Software. The query engine performs a three-step process: taking in the query in a variety of formats and translating it to WFQL (the front end), optimizing it (the middle end), and executing the resulting plan (the back end). Currently the middle end is fairly trivial, but see below for some discussion of how this may change.

Performance. The current joiner has a latency of around 20 milliseconds for relatively simple queries. Queries that require a resorting of the results can take much, much longer, as n log n (where n is a billion) can run to a few days.

Future directions. As noted earlier, accurate query cost estimation, possibly requiring statistics gathered during query execution, is a key requirement for optimization. Two key future directions in this area are the following: First, integration of the DB2 DataJoiner product for query rewriting, which would allow us to support more ad hoc queries without worrying about bringing down the cluster; second, introduction of multiquery optimization—for example, should a number of queries need to be run every night, could they be combined in some way to limit the number of data accesses.

Web service gateway

The scale of hardware required for WebFountain makes it infeasible to build a separate instance for each customer. Instead, WebFountain is a service offering that performs data processing in a single centralized location (or a few such locations) and then delivers results to clients from these locations. Given the existing Web service approach used internally, it is natural to leverage that decision by providing result data to clients through a Web service model as well.

Challenge. There are three primary challenges in the design of the gateway. First, and most important, access must be as simple as possible to encourage developers to write programs that make use of the platform. Second, the gateway must provide access controls, monitoring, quality of service guarantees, and other user management tasks. Third, the gateway must provide performance sufficiently high to meet the needs of users.

Approach. We do this data processing through a SOAP³³ Web service gateway. For each service to be exposed externally, a WSDL ³⁴ (Web Services Description Language) is published. Connection to the gateway is by SSL2 MAC (Secure Socket Layer Version 2 mutually authenticated certificate). Clients register with the gateway and negotiate the commands they are allowed to execute, the load they are allowed to place on the system, and the families of parameters they are authorized to specify. The gateway monitors quality of service and bandwidth for each client, based on a logging subsystem that captures queries, response times, and meta-data that arrive with each completed internal query.

Commands exposed through the WSDL need not map directly to commands inside the cluster. For example, an external query for the current crawling bandwidth might result in an internal query to all 48 crawlers.

Hardware. The gateways are set up as a set of IBM xSeries Model x330 machines (using 1.13 GHz dual Intel Pentium** III Processors with 2 GB of RAM), dual network zoned, and behind firewalls. The number of gateway machines can be trivially scaled up to meet demand, dynamically if necessary.

Software. The gateways themselves are written in the C++ and Java languages. They perform the task of authenticating the queries, logging them, translating them to the requisite xtalk queries, dispatching them to the cluster, aggregating the results, rephrasing them as SOAP, and returning them.

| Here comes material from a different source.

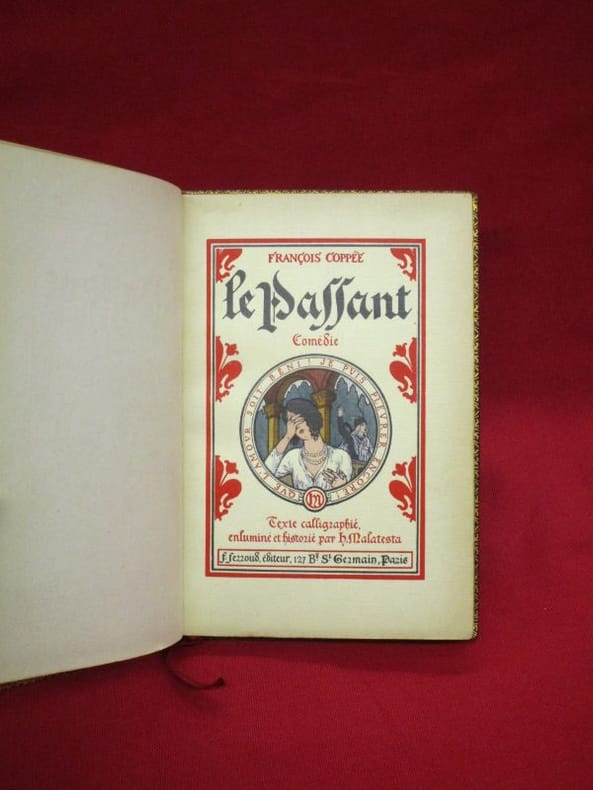 Paris, A Fezzoud librairie des amateurs, 1920 ; in-12, br. Broché en bon état - texe calligraphié enluminé et historié par H. Malatesta - n°1351 FF/1500 exemplaire sur vélin. In-12 broché sous couverture rempliée, sans pagination. Texte calligraphié, enluminé et historié par H. MALATESTA. Tirage limité à 1500 exemplaires, celui-ci un des 1200 sur Vélin ( Comédie en un acte en vers, représentée pour la première fois sur le théâtre National de l'Odéon le 6 janvier 1864.

Performance. The current performance point is tens of queries per gateway per second. This number obviously varies considerably depending on the size of the result set being returned.

Future directions. Future work for the gateway includes supporting higher degrees of granularity on querying (resulting in a more complex set of supported queries), better performance by running similar queries together, faster deployment of new functionality through dynamic plug-ins to the gateway, and integrated load balancing, sharing, and grouping of requests.

Cluster management

Although having a large number of machines available allows us to overcome a problem of several orders of magnitude of scale, it introduces several orders of magnitude of complexity in keeping the system running. Maintaining an overview of 500 machines can be taxing, particularly coupled with the requirement that the system be resilient to some number of failed nodes.³⁵

Nonetheless, we need to identify problems, fix them automatically when possible, call in human support otherwise, and allow institution of workarounds while the problem is being dealt with. Additionally, the cluster management subsystem is responsible for the more mundane automation tasks that surround workflow management, automatically distributing processes across nodes of the cluster, monitoring for progress, restarting as necessary, and so forth.

Challenge. The complications of running such a system include the heterogeneous nature of both hardware environment and software deployment (a variety of code versions running all at the same time). Because of requirements on turnaround time and the vicissitudes of Web data, software failures in the augmenters and miners are inevitable. The system must not rely on an error-free execution. If an augmenter fails once, the system will log the error, restart the process, and go on. If it fails several times on the same entity, the author will be notified, and the entity will be skipped. Miners, in contrast, may or may not provide mechanisms for restart. Without such a mechanism, the system will merely retry the miner and request operator assistance based on the priority of the miner task.

In a complex system the root cause of a problem is often elusive. Cascade failures are quite common, and looking at crash logs can be a time-consuming task. Although rigorous testing and debugging is done before introducing new code, by definition no test is complete until it has run on the whole Web. We always find things that do not scale as we wish in production, or that are tripped up by truly odd pages. Additionally, resource contention problems are hard to model in test and often only appear in production.

Approach. The cluster management subsystem runs a special service on each machine known as a nanny. This process forks and runs all the services needed on a machine and monitors their performance, CPU and memory usage, ends them on request or when thresholds are exceeded, and reports on their status when queried. Any major changes that the nanny undertakes (e.g., install new code or start a new service) are authenticated and logged.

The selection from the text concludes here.